--- Exercise aim ---
The listing below begins with the first line you should copy; stop after the line containing "이런 집착이 거품을 만들고, 정책도 이걸 부추기니까…", and drop every picture.

--- Data to process ---
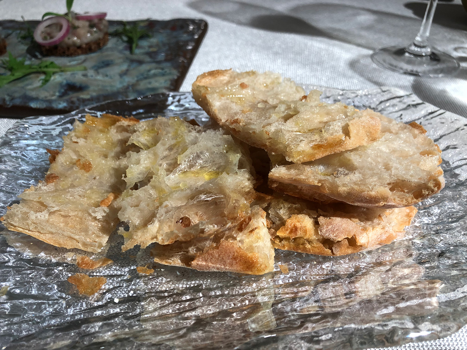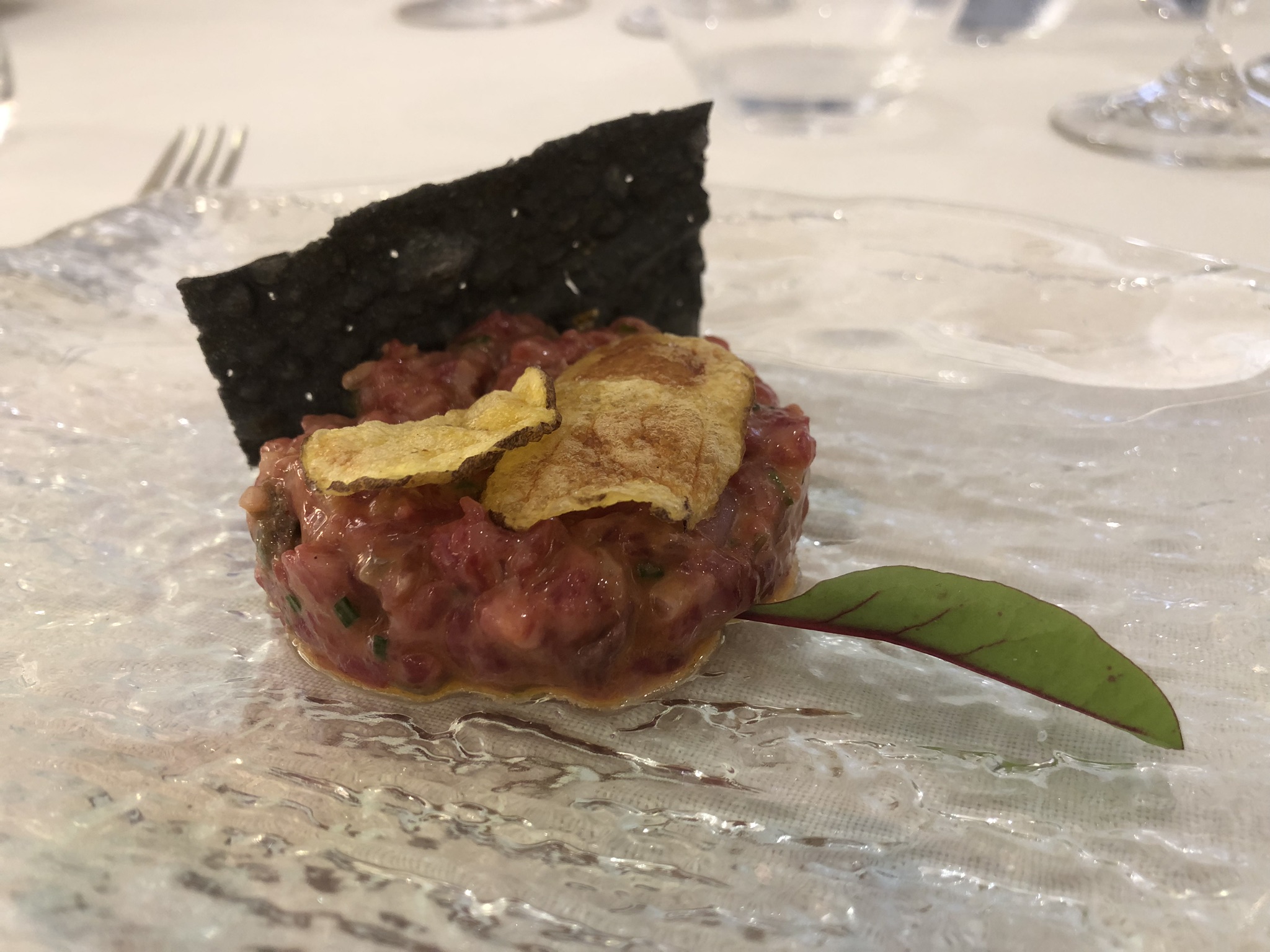 Con el ya tradicional y casi exclusivo Pan de Cristal del establecimiento, comenzó el “tour gastronómico” con un Capuchino de crema de marisco, para abrir boca, al que siguió un exquisito Mi cuit de foie gras con reducción de cassis crujiente de miel con sirope de pacharán y, seguidamente, el ya emblemático Nielsen’s steaktartar de Waygu, al que Danny siempre da su punto de picante.
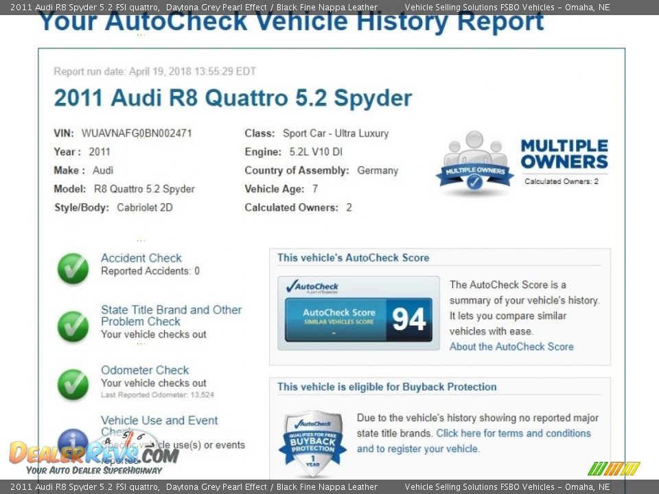 Back to this 2011 Audi R8 Spyder 5.2 FSI quattro
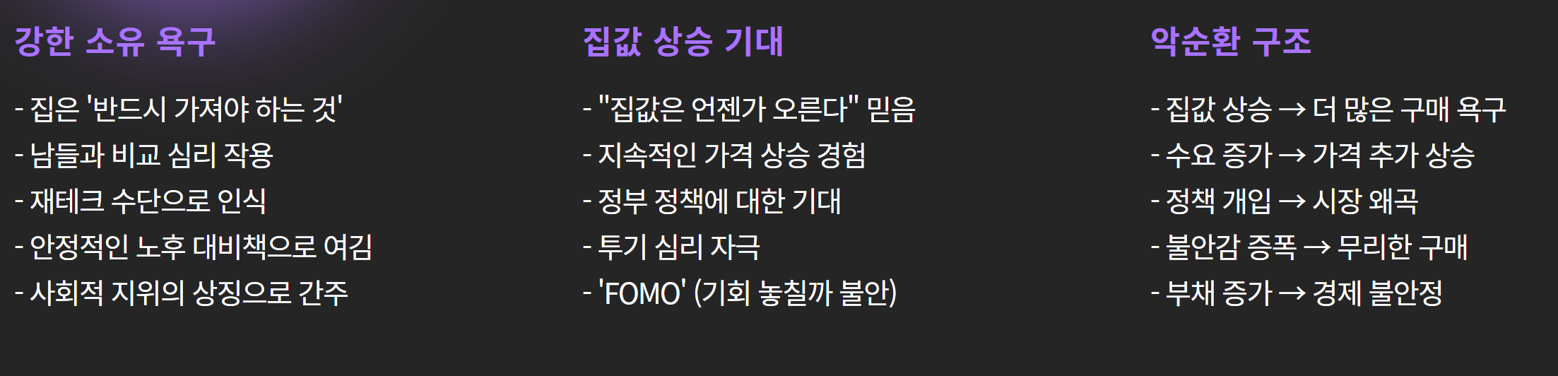 이런 집착이 거품을 만들고, 정책도 이걸 부추기니까…
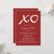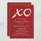 Um "XO" branco brilhante decora este convite de noivado num fundo vermelho profundo, fazer-o chic, modesto, romântico e elegante, e perfeito para o Dia de os namorados ou a Festa de noivado de Natal.
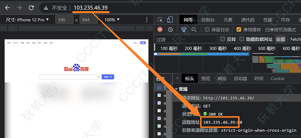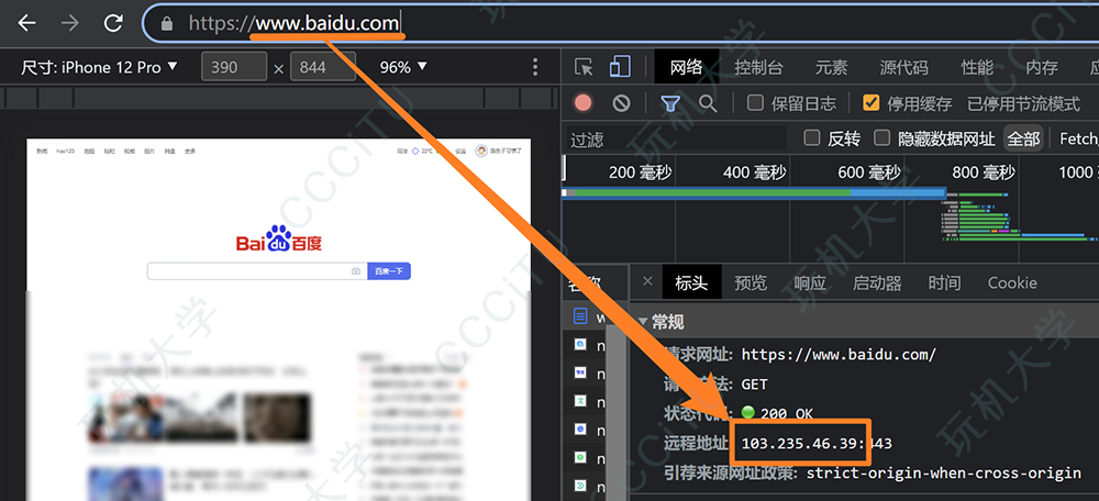 通俗来讲,当你在 Chrome 浏览器 打开百度搜索 www.baidu.com 这个网址(张三)时,从 浏览器控制台 可以看出,你真正打开的是该网址对应的 103.235.46.39 这个 IP 地址(手机号),IP 地址如此复杂很难记忆,于是就有了DNS(通讯录)负责在浏览器后台自动将网址转换成IP。
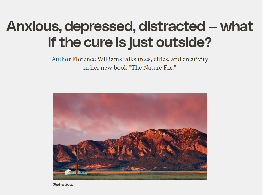 - Anxious, depressed, distracted — what if the cure is just outside? Interview with Florence Williams. Amelia Urry (2017). Grist.
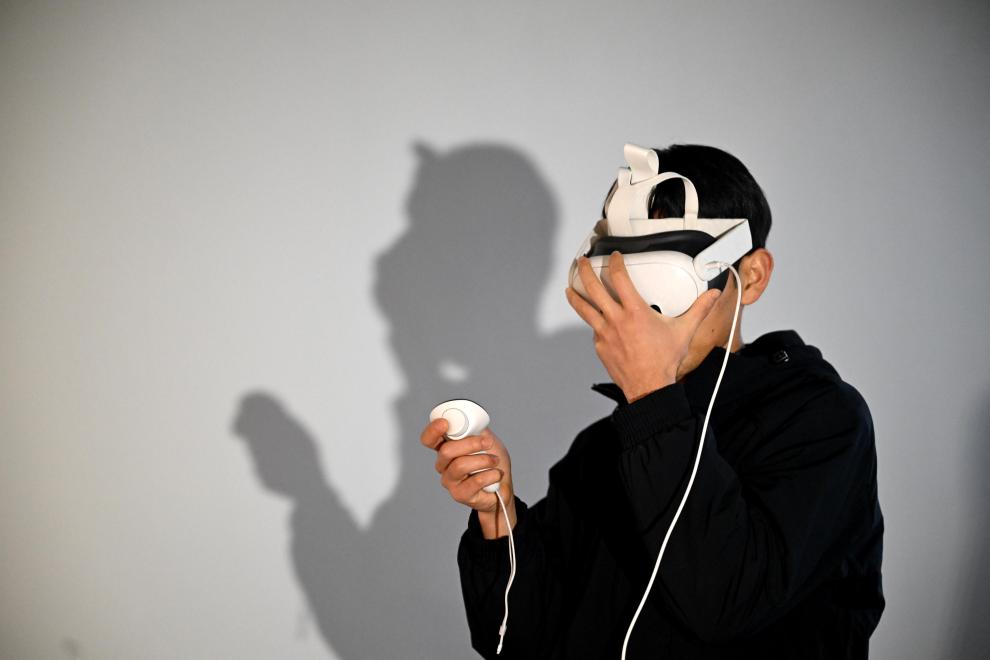 柳州市のロボット産業パークで、拡張現実(AR)ゴーグルを装着し、産業用人型ロボットの作業訓練を行う呉東波さん。(1月30日撮影、柳州=新華社配信/黎寒池)
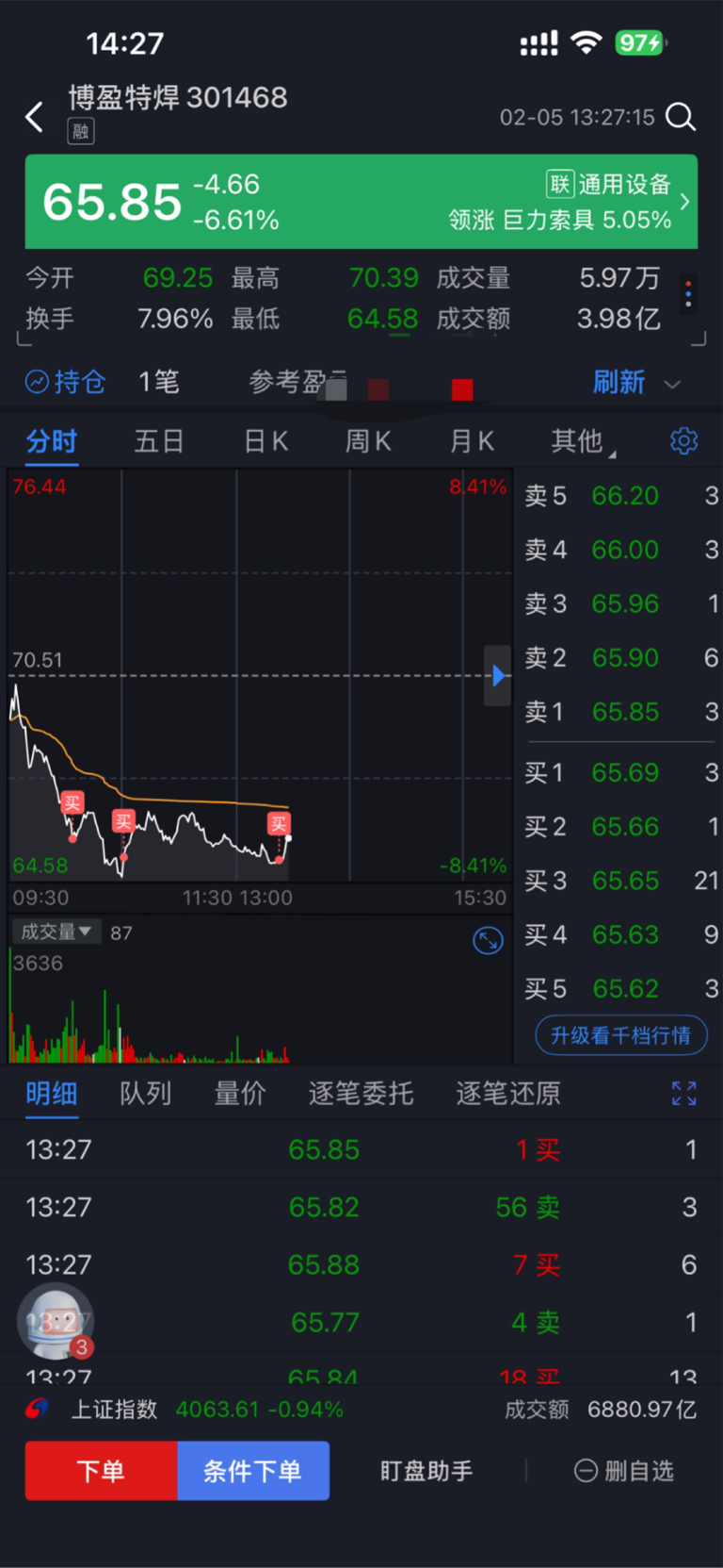 $博盈特焊(SZ301468)$ 越看越喜欢,于又加了一笔。美国缺电长期存在嘛,越南工厂不是满产吗,竞对能替代吗?回答这三个问题告诉我,随大盘下跌你们敢不敢,,可恶的是$宏昌电子(SH603002)$ 今天也水下,不然都转过来,直接加
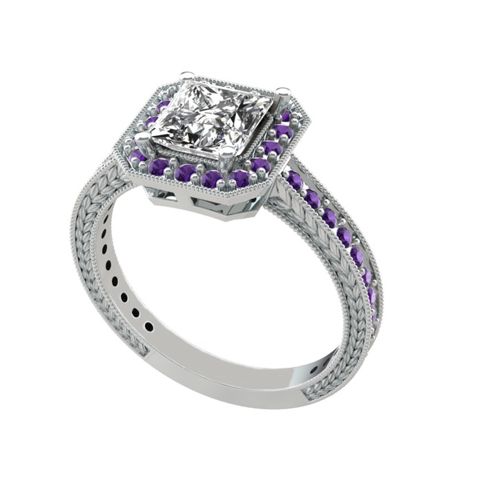 Swarovski ve ametist 14 ayar beyaz altın yüzük

--- Written answer ---
 Con el ya tradicional y casi exclusivo Pan de Cristal del establecimiento, comenzó el “tour gastronómico” con un Capuchino de crema de marisco, para abrir boca, al que siguió un exquisito Mi cuit de foie gras con reducción de cassis crujiente de miel con sirope de pacharán y, seguidamente, el ya emblemático Nielsen’s steaktartar de Waygu, al que Danny siempre da su punto de picante.
 Back to this 2011 Audi R8 Spyder 5.2 FSI quattro
 이런 집착이 거품을 만들고, 정책도 이걸 부추기니까…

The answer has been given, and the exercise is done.